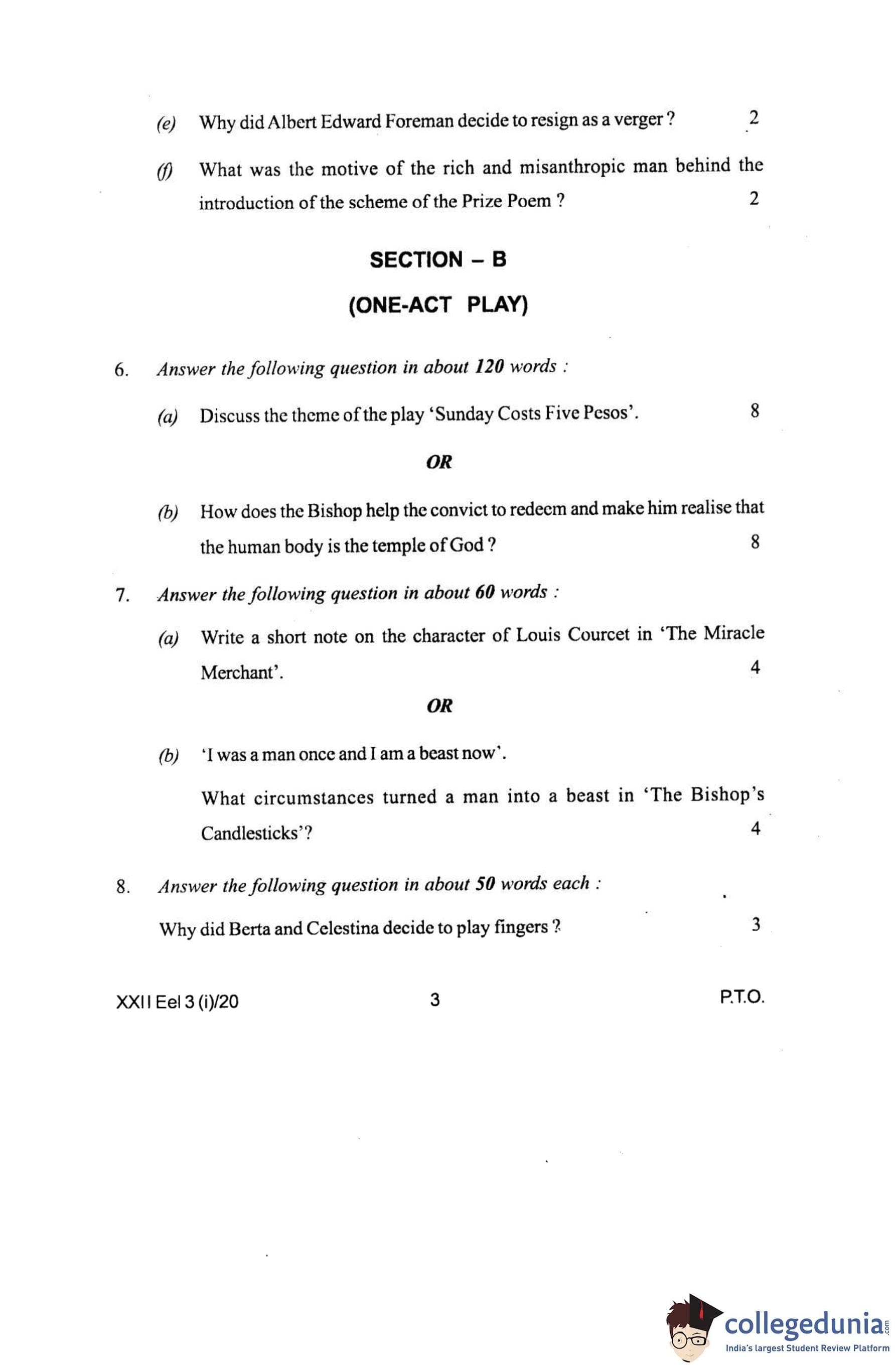 Manipur Board Class 12 Elective English Question Paper 2020 with Answer Key pdf is available for download here. The exam was conducted by Council Of Higher Secondary Education, Manipur on March 3, 2020. The question paper comprised a total of 18 questions divided among 4 sections.
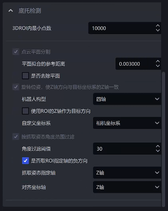 | 3DROI内最小点数 | 如果在ROI 3D工作区内提取的点云数量小于该值,则表示工件已经抓取完毕,自动进入底托检测部分 | 10000 | 0-100000 | 取值应该小于单个工件的点云数量 | |
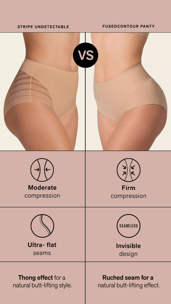 If you need greater compression and shaping, we recommend opting for high waist shaping panty. These garments are made with stronger materials and feature reinforced panels in key areas to provide you with enhanced support and definition.
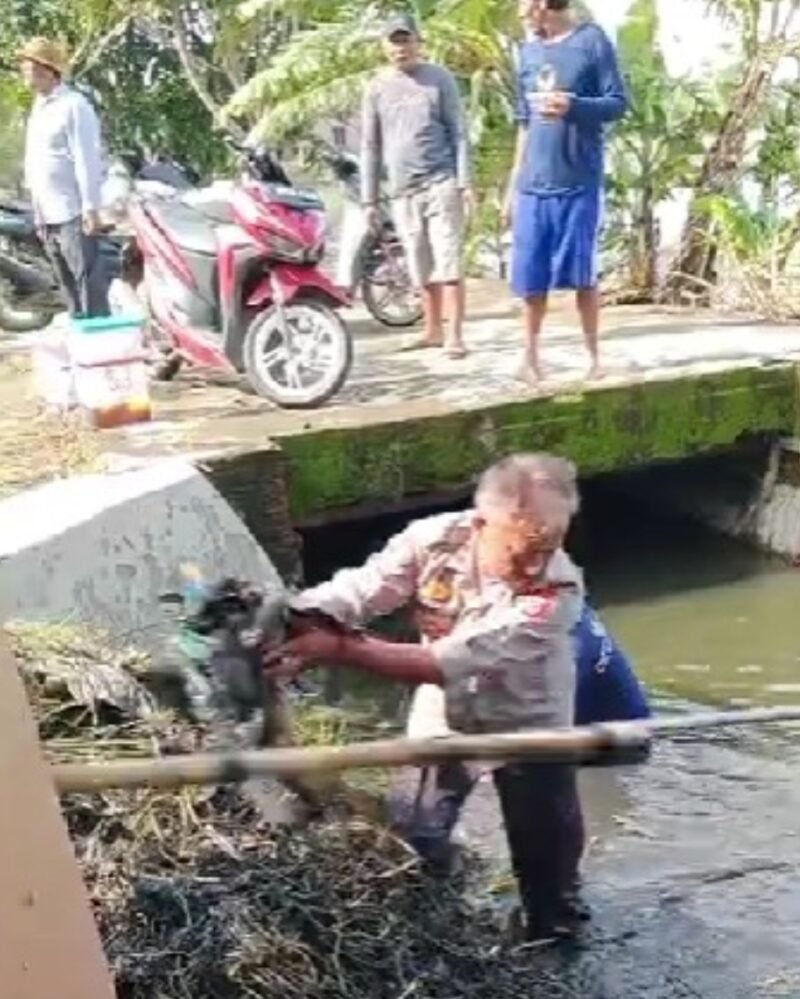 Indramayu, Mitramabes.com – Aksi humanis Kapolsek Kedokanbunder Polres Indramayu Polda Jawa Barat, IPDA Eryana yang turun langsung membersihkan saluran air bersama warga untuk mengantisipasi banjir akibat curah hujan tinggi, menuai apresiasi luas dari masyarakat, termasuk warganet di media sosial.

────────────────

## REQUIREMENT
Repeat the listing above up to and including the line with "取值应该小于单个工件的点云数量 | |", starting from its first line. Drop any pictures.

## SOLVED EXERCISE
 Manipur Board Class 12 Elective English Question Paper 2020 with Answer Key pdf is available for download here. The exam was conducted by Council Of Higher Secondary Education, Manipur on March 3, 2020. The question paper comprised a total of 18 questions divided among 4 sections.
 | 3DROI内最小点数 | 如果在ROI 3D工作区内提取的点云数量小于该值,则表示工件已经抓取完毕,自动进入底托检测部分 | 10000 | 0-100000 | 取值应该小于单个工件的点云数量 | |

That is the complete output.